The board discussed the matter Tuesday, and public hearings will be held over the next several months.
Each board member must live in one of the seven trustee areas. But all are elected at large, meaning by voters throughout the school district.
The possibility of trustees being elected by the residents in their specific areas will be part of the discussions, Yelsey said.
Realignment of trustee areas would not affect school attendance boundaries, officials said.
Last year the board reviewed initial data on population size in the trustee areas. The figures showed that some areas had as many as 46,000 residents while others had around 16,000.
The areas have not been altered since the school district formed 50 years ago, though the populations in each area have changed.
According to the data presented in June, Area 4, which contains Corona del Mar middle and high schools and five Newport Beach elementary schools, had the largest population, with 46,171.
Area 5, including Newport Elementary, had the smallest, with 16,369.
Area 2, which contains six Costa Mesa schools, and Area 7, containing Rea, Victoria and three other Westside Costa Mesa elementary schools, had populations of nearly 40,000. More than half of Area 7’s population is Latino, according to the data.
Area 3, which includes Back Bay High School and Kaiser and Mariners elementary schools, and Area 6, which contains Woodland Elementary School in Costa Mesa and three Newport Beach schools, had populations of just over 19,000.
In Area 1, which has Estancia and Early College high schools, TeWinkle Intermediate School and three Costa Mesa elementary schools, the population was 17,464.
A new committee of residents from each area is reviewing proposed zone adjustments alongside a demographer.
At-large voting system challenged
A complaint filed in Orange County Superior Court in August alleges the district’s at-large system for electing board members violates the California Voting Rights Act, saying it “suffers from racially polarized voting that prevents Latinos from electing candidates of their choice.”
The complaint alleges that the trustee areas, as apportioned, “exacerbate the vote dilution of NMUSD’s at-large election system.”
Britt Dowdy, president of the Newport-Mesa Federation of Teachers, thanked the board Tuesday for discussing the readjustment.

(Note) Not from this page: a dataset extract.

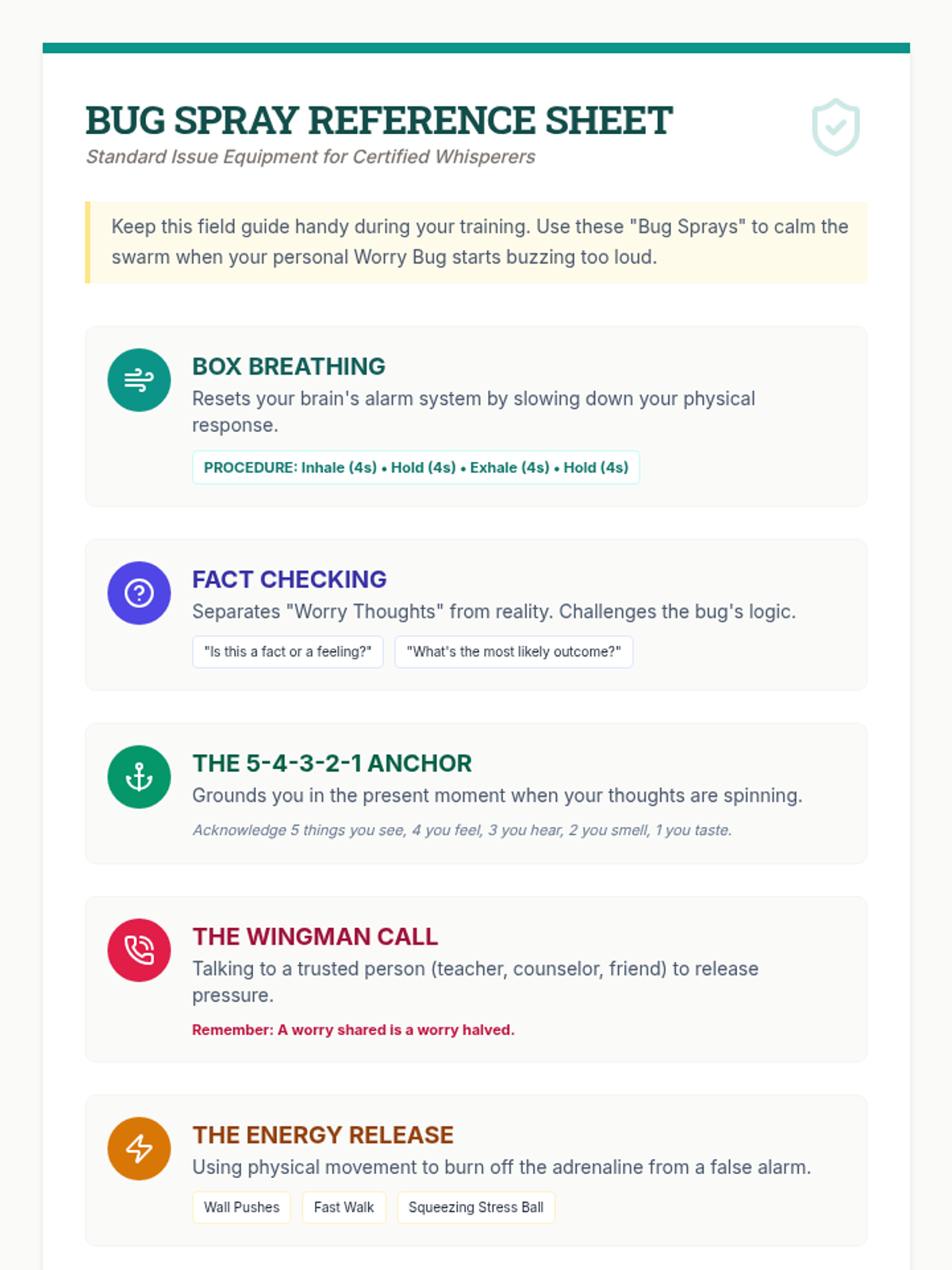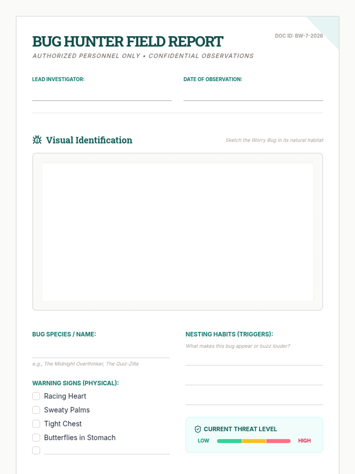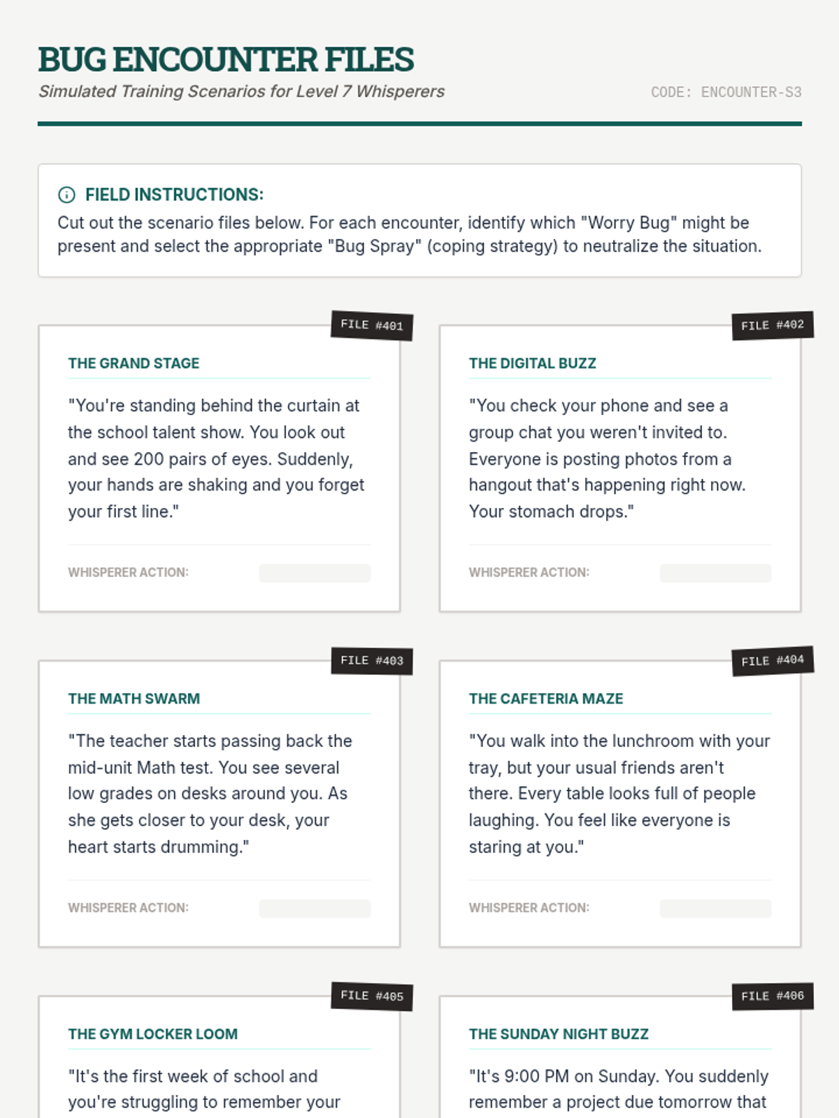 A 30-minute social-emotional learning lesson for 7th graders to identify anxiety triggers and coping strategies using the 'Worry Bug' metaphor through a field-journal lens.

“Unions are all about democracy and empowering people to vote,” Dowdy said. “As we know, we have many first-generation citizens and voters in this community who are sons and daughters of immigrant families. We applaud the efforts to try and give them a stronger voice through democracy.”

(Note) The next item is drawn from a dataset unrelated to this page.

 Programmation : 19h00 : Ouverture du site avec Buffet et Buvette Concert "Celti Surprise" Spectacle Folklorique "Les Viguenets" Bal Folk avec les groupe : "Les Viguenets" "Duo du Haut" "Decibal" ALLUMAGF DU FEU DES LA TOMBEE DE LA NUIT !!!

But trustee Martha Fluor of Area 3 noted that lawyers have sued several school districts and cities over their at-large voting systems in what she called a developing “cottage industry.”

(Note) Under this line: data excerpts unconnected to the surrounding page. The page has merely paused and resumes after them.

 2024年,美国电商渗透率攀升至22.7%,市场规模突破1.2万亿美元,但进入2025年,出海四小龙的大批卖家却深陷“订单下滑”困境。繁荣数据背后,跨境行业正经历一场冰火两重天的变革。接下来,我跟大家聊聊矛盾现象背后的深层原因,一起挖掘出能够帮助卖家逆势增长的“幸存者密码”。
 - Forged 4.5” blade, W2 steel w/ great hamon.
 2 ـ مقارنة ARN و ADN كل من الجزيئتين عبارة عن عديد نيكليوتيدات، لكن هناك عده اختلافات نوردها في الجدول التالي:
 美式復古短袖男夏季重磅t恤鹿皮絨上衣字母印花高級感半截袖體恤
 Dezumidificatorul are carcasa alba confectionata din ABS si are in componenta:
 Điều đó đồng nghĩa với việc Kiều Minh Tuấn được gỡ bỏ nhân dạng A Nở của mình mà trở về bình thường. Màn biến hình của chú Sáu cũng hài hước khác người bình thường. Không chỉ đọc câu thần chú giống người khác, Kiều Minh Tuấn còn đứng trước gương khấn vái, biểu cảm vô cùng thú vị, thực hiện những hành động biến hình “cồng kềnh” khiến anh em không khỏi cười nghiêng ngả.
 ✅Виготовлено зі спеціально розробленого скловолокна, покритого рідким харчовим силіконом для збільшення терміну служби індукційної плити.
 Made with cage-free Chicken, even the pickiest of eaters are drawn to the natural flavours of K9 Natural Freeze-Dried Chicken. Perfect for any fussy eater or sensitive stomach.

“While we are all about democracy and empowering individuals to vote, this is blackmail,” she said. “And I find that shameful.”
According to the August complaint, the plaintiff, Costa Mesa resident Eloisa Rangel, tried to resolve the matter without judicial intervention but was met with “foot-dragging and bald, unilateral determinations by [Newport-Mesa].”
“We want to ensure that minority community votes are no longer diluted,” said Kevin Shenkman, a Malibu attorney representing Rangel. “This is not coming out of the blue for this school district.”
An answer to the complaint filed in Superior Court in October states that Newport-Mesa “denies all material allegations of the complaint.”
A case management conference to determine how the parties plan to move forward is scheduled for Feb. 27.
Shenkman filed lawsuits against the city of Palmdale in May and the San Marcos Unified School District in October, arguing that their voting systems deprived Latinos from electing representatives of their choice.
According to the Los Angeles Times, Palmdale agreed to change its voting system from at-large to by district. The Times reported that the city also paid $4.5 million plus interest to lawyers representing three minority plaintiffs.
The San Marcos district said it was already planning to transition to a zoned election system.
Shenkman also threatened to sue the city of Costa Mesa in April.
But in November, a majority of Costa Mesa voters approved a change to district-based, rather than at-large, elections. The new system is expected to be in place by the City Council election in November 2018.
Lawsuits also have been filed or threatened against cities including Anaheim, Garden Grove and Fullerton. All have began the transition to district-based elections.